> [What the exercise asks]
What is needed is a faithful transcription of all the data below, pictures excluded.

> [Raw data]
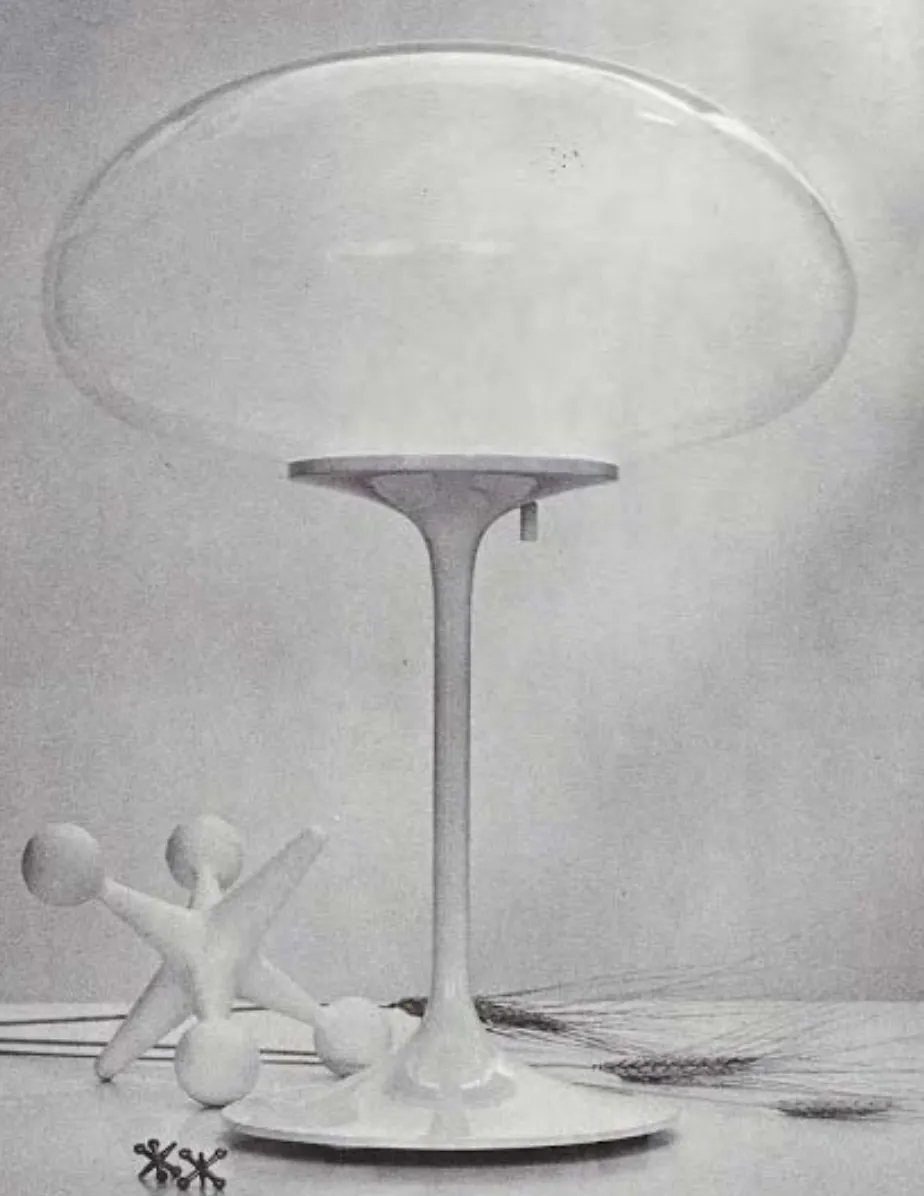 他吸收了這些想法,開發出新的照明規風格,將燈架、燈泡和燈罩組成一個簡單但大膽多彩的「洛杉磯太空流行」形式,充滿了未來感。
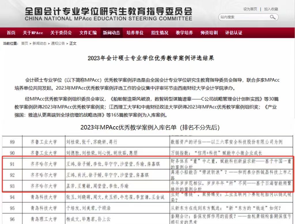 5月8日,全國會計專業(yè)學(xué)位研究生教育指導(dǎo)委員會正式公布2023年MPAcc(會計碩士)優(yōu)秀教學(xué)案例入庫名單。經(jīng)評選,全國共有165篇教學(xué)案例入選國家?guī)欤邶埥∮?篇入選,其中我校3篇,分別為經(jīng)濟與管理學(xué)院王鴻教授團隊編寫的《財務(wù)體系“重”中之重,賦能科創(chuàng)新益求新——基于中國一重的案例分析》《離港小船能否“劈波斬浪”?——和而泰分拆鋮昌科技上市之路》、孟芳副教授團隊編寫的《年年歲歲花相似,歲歲年年“所”不同——基于日海智能頻繁換所的案例分析》。
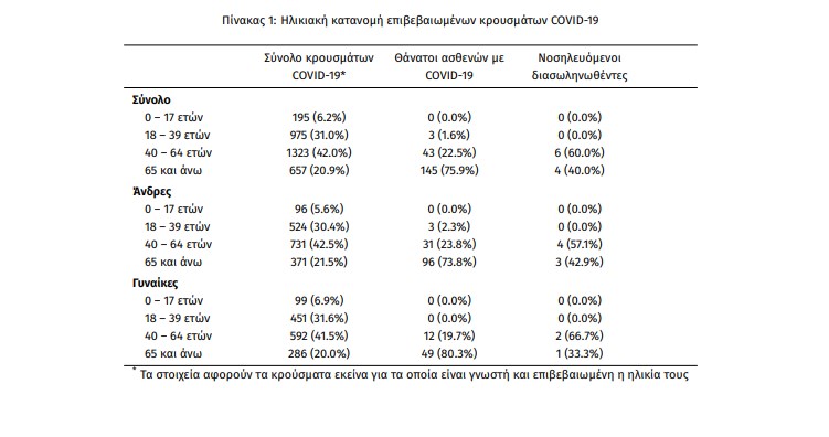 Χθες ανακοινώθηκαν 10 νέα κρούσματα κορονοϊού στη χώρα. Ο συνολικός αριθμός των κρουσμάτων είναι 3376, εκ των οποίων το 54.9% αφορά άνδρες. 754 (22.3%) θεωρούνται σχετιζόμενα με ταξίδι από το εξωτερικό και 1880 (55.7%) είναι σχετιζόμενα με ήδη γνωστό κρούσμα. Δέκα άνθρωποι νοσηλεύονται διασωληνωμένοι. Η διάμεση ηλικία τους είναι 60 ετών. 3 (30.0%) είναι γυναίκες και οι υπόλοιποι άνδρες. To 90.0% έχει υποκείμενο νόσημα ή είναι ηλικιωμένοι 70 ετών και άνω. 119 ασθενείς έχουν εξέλθει από τις ΜΕΘ. Τέλος, δεν έχει καταγραφεί κανένας νέος θάνατος ενώ έχουμε 191 θανάτους συνολικά στη χώρα. 61 (31.9%) γυναίκες και οι υπόλοιποι άνδρες. Η διάμεση ηλικία των θανόντων συμπολιτών, σύμφωνα με την ανακοίνωση του ΕΟΔΥ, ήταν τα 76 έτη και το 95.8% είχε κάποιο υποκείμενο νόσημα ή/και ηλικία 70 ετών και άνω.

> [Answer space]
 他吸收了這些想法,開發出新的照明規風格,將燈架、燈泡和燈罩組成一個簡單但大膽多彩的「洛杉磯太空流行」形式,充滿了未來感。
 5月8日,全國會計專業(yè)學(xué)位研究生教育指導(dǎo)委員會正式公布2023年MPAcc(會計碩士)優(yōu)秀教學(xué)案例入庫名單。經(jīng)評選,全國共有165篇教學(xué)案例入選國家?guī)欤邶埥∮?篇入選,其中我校3篇,分別為經(jīng)濟與管理學(xué)院王鴻教授團隊編寫的《財務(wù)體系“重”中之重,賦能科創(chuàng)新益求新——基于中國一重的案例分析》《離港小船能否“劈波斬浪”?——和而泰分拆鋮昌科技上市之路》、孟芳副教授團隊編寫的《年年歲歲花相似,歲歲年年“所”不同——基于日海智能頻繁換所的案例分析》。
 Χθες ανακοινώθηκαν 10 νέα κρούσματα κορονοϊού στη χώρα. Ο συνολικός αριθμός των κρουσμάτων είναι 3376, εκ των οποίων το 54.9% αφορά άνδρες. 754 (22.3%) θεωρούνται σχετιζόμενα με ταξίδι από το εξωτερικό και 1880 (55.7%) είναι σχετιζόμενα με ήδη γνωστό κρούσμα. Δέκα άνθρωποι νοσηλεύονται διασωληνωμένοι. Η διάμεση ηλικία τους είναι 60 ετών. 3 (30.0%) είναι γυναίκες και οι υπόλοιποι άνδρες. To 90.0% έχει υποκείμενο νόσημα ή είναι ηλικιωμένοι 70 ετών και άνω. 119 ασθενείς έχουν εξέλθει από τις ΜΕΘ. Τέλος, δεν έχει καταγραφεί κανένας νέος θάνατος ενώ έχουμε 191 θανάτους συνολικά στη χώρα. 61 (31.9%) γυναίκες και οι υπόλοιποι άνδρες. Η διάμεση ηλικία των θανόντων συμπολιτών, σύμφωνα με την ανακοίνωση του ΕΟΔΥ, ήταν τα 76 έτη και το 95.8% είχε κάποιο υποκείμενο νόσημα ή/και ηλικία 70 ετών και άνω.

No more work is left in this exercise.